Everything from the opening line of the listing below to the line that has "另外,國環院是將原本的環檢所", inclusive, should be returned exactly, except the pictures.

(Provided information begins)

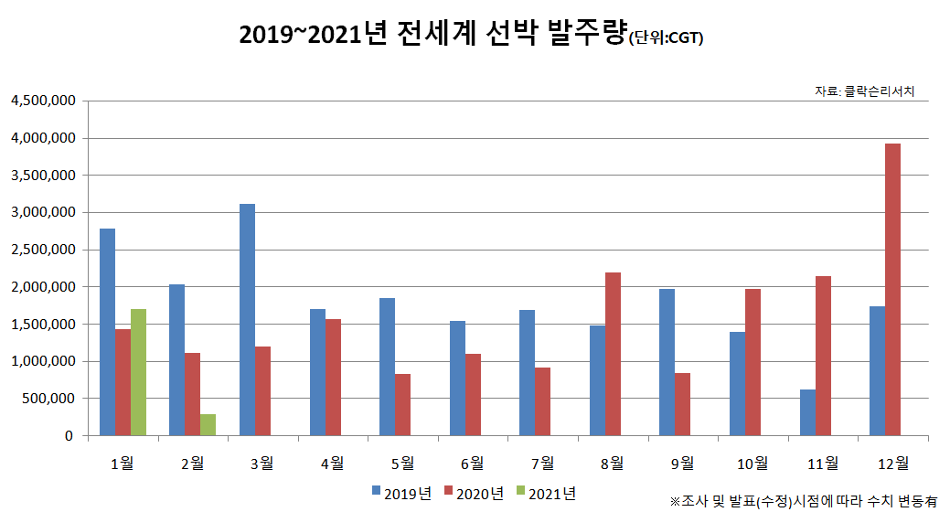조선해운 분석기관 클락슨 리서치에 따르면 지난 2월 세계 선박 발주량은 약 282만CGT(표준화물선 환산 톤수)을 기록했다. 전월 대비 66%, 전년 동월 대비 154% 급증했다. 또한 2019년 1월 이후 월별 발주량 통계에서 3번째(2020년 12월 392만CGT, 2019년 3월 311만CGT)로 높았다.
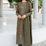 This ensemble radiates earthy charm with its embroidered slub khaddar front and side panels complemented by front and back borders. Sleeves are also adorned with matching embroidery, paired with a dyed viscose twill shawl with borders, and a simple dyed slub khaddar trouser and back.
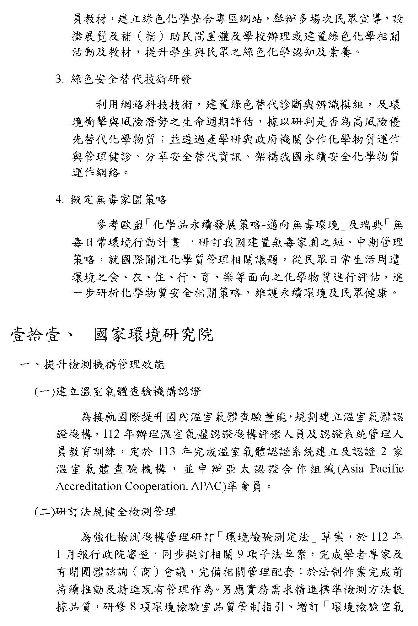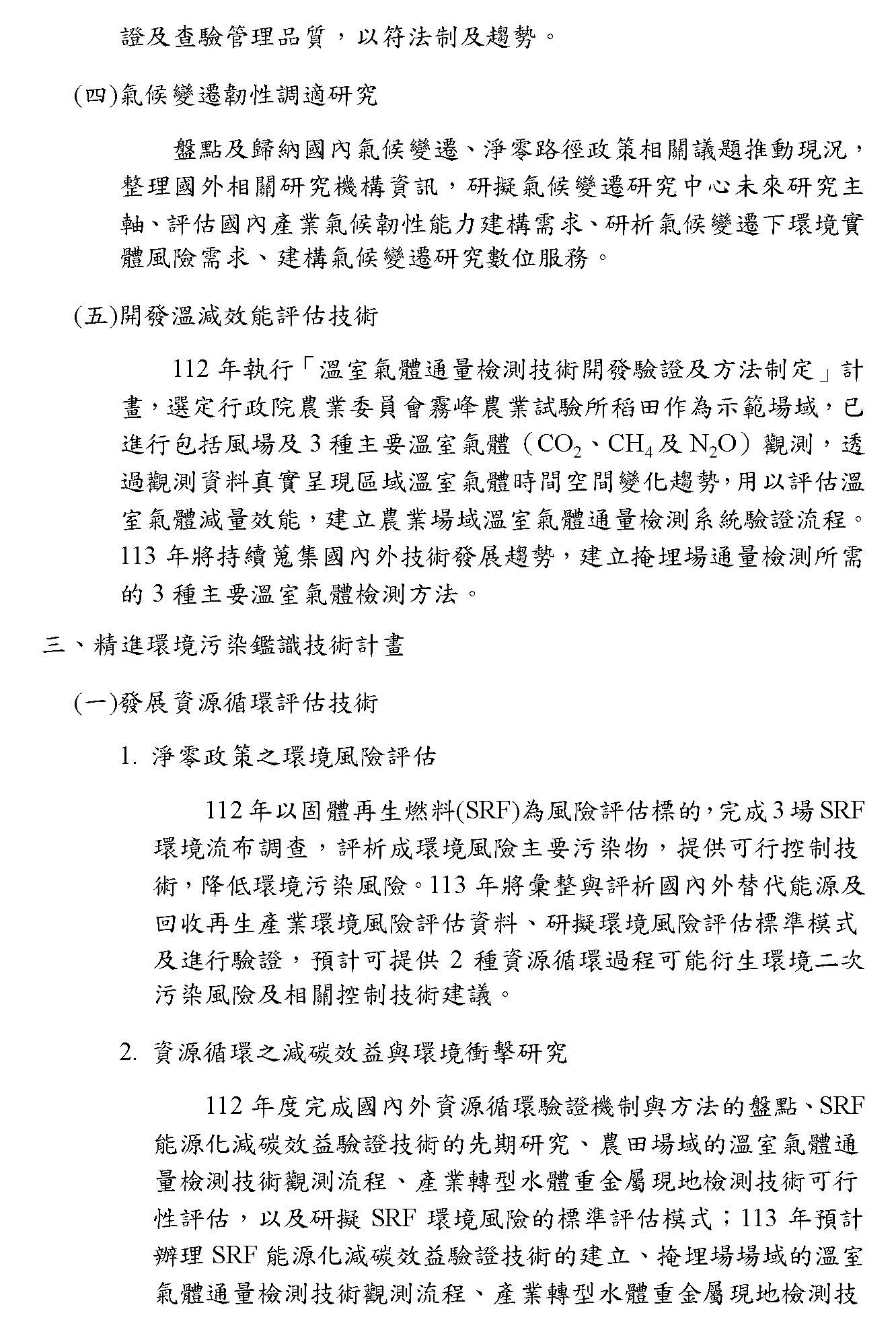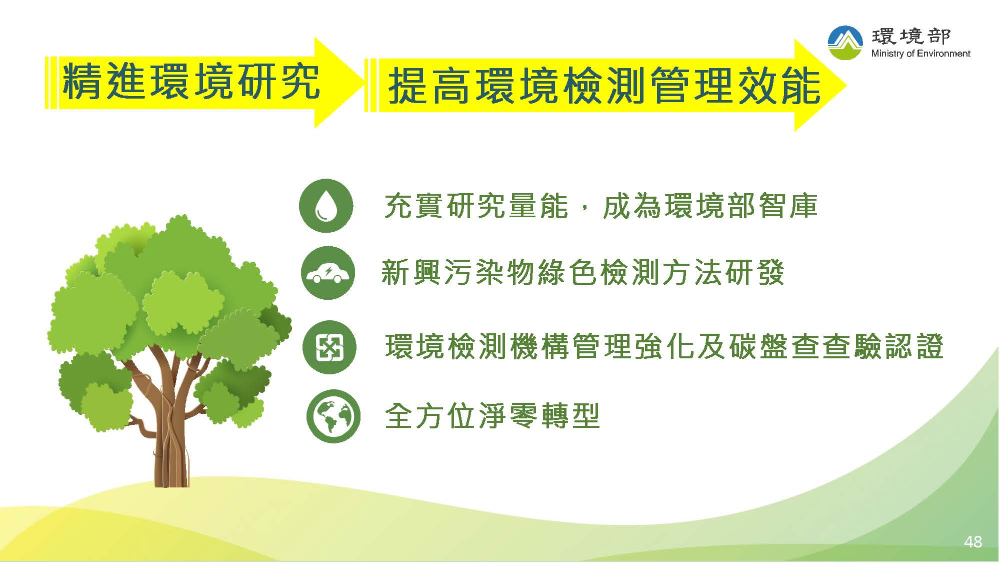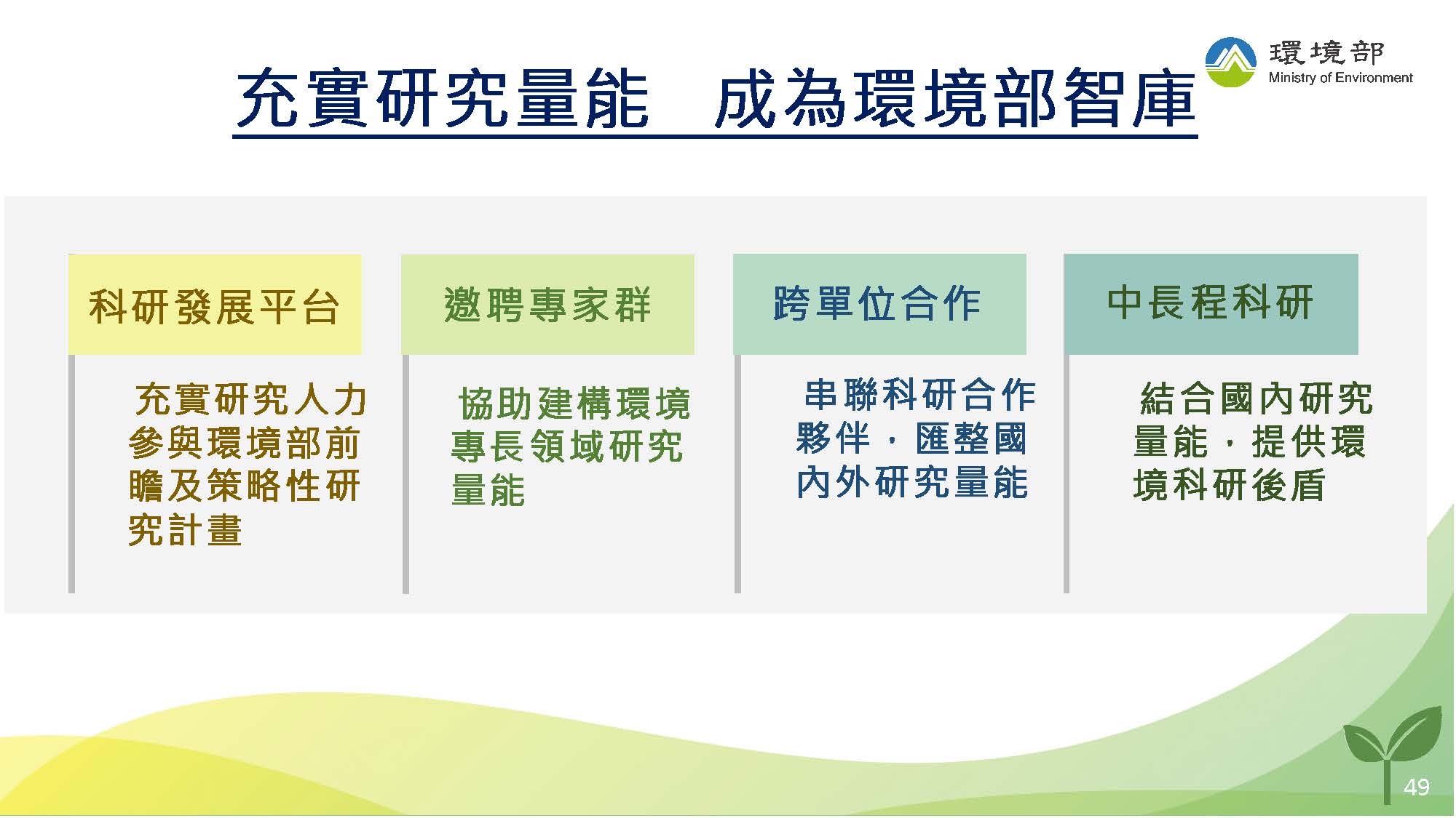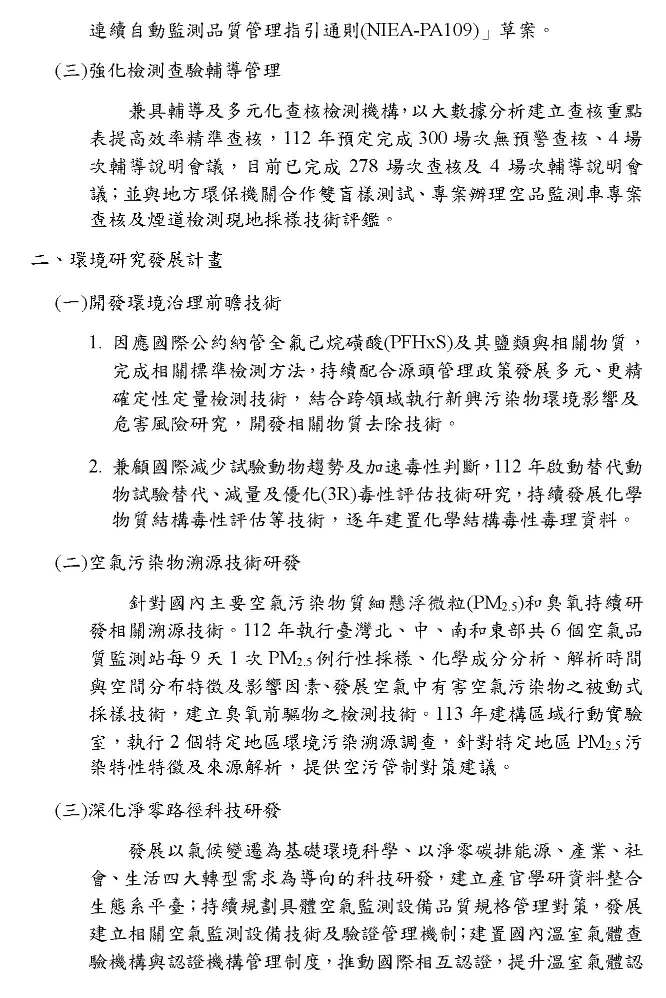 另外,國環院是將原本的環檢所跟環訓所整合,未來希望能夠充實國環院的研發能量,可以跟國內的學術界、研究界,甚至產業界合作,提供更先進有關環境知識的策略規劃。
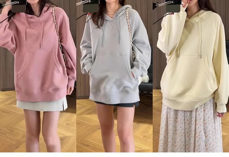 O bolso canguru na frente da peça tem costura elegante e uniforme
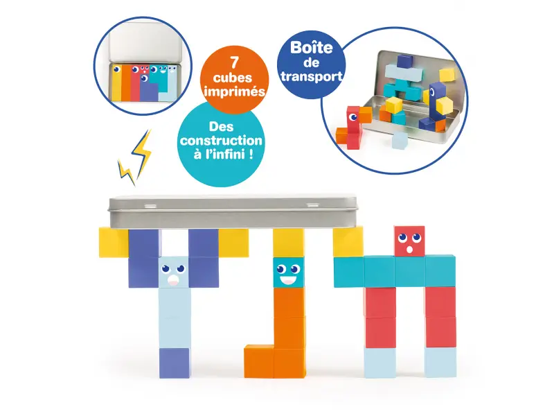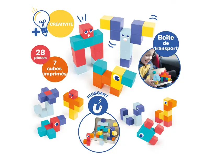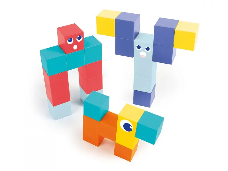 Magnetická stavebnice Ludi s kostkami je praktická cestovní sada, která zabaví děti doma i na cestách. Obsahuje 28 magnetických kostek, některé s motivy očí a obličejů, díky kterým děti snadno vytvářejí postavičky, zvířátka i malé stavby. Kostky se skládají intuitivně a magnety podporují zkoušení různých kombinací, rovnováhy a prostorového uspořádání. Součástí je kovová krabička, která slouží jako úložiště i magnetická hrací plocha, takže je stavebnice ideální do auta, do restaurace nebo na cesty. Hra rozvíjí jemnou motoriku, koordinaci oko ruka, logické uvažování i vyprávění příběhů.
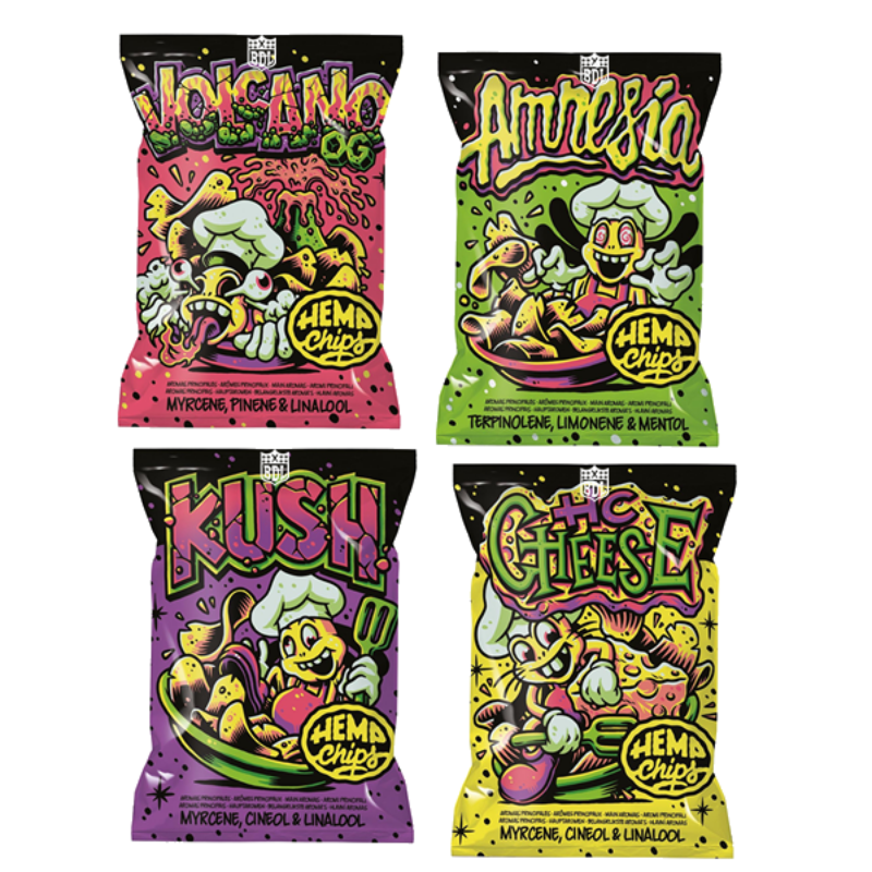 Il marchio Hemp Chips offre quattro diverse varianti di gusto per le proprie patatine alla canapa: Volcano OG, Kush, Amnesia e Cheese. Sono tutte opzioni che suggeriscono l’utilizzo di canapa di alta qualità e il gusto intenso che ne deriva.

(Provided information ends)

Answer box:
조선해운 분석기관 클락슨 리서치에 따르면 지난 2월 세계 선박 발주량은 약 282만CGT(표준화물선 환산 톤수)을 기록했다. 전월 대비 66%, 전년 동월 대비 154% 급증했다. 또한 2019년 1월 이후 월별 발주량 통계에서 3번째(2020년 12월 392만CGT, 2019년 3월 311만CGT)로 높았다.
 This ensemble radiates earthy charm with its embroidered slub khaddar front and side panels complemented by front and back borders. Sleeves are also adorned with matching embroidery, paired with a dyed viscose twill shawl with borders, and a simple dyed slub khaddar trouser and back.
 另外,國環院是將原本的環檢所跟環訓所整合,未來希望能夠充實國環院的研發能量,可以跟國內的學術界、研究界,甚至產業界合作,提供更先進有關環境知識的策略規劃。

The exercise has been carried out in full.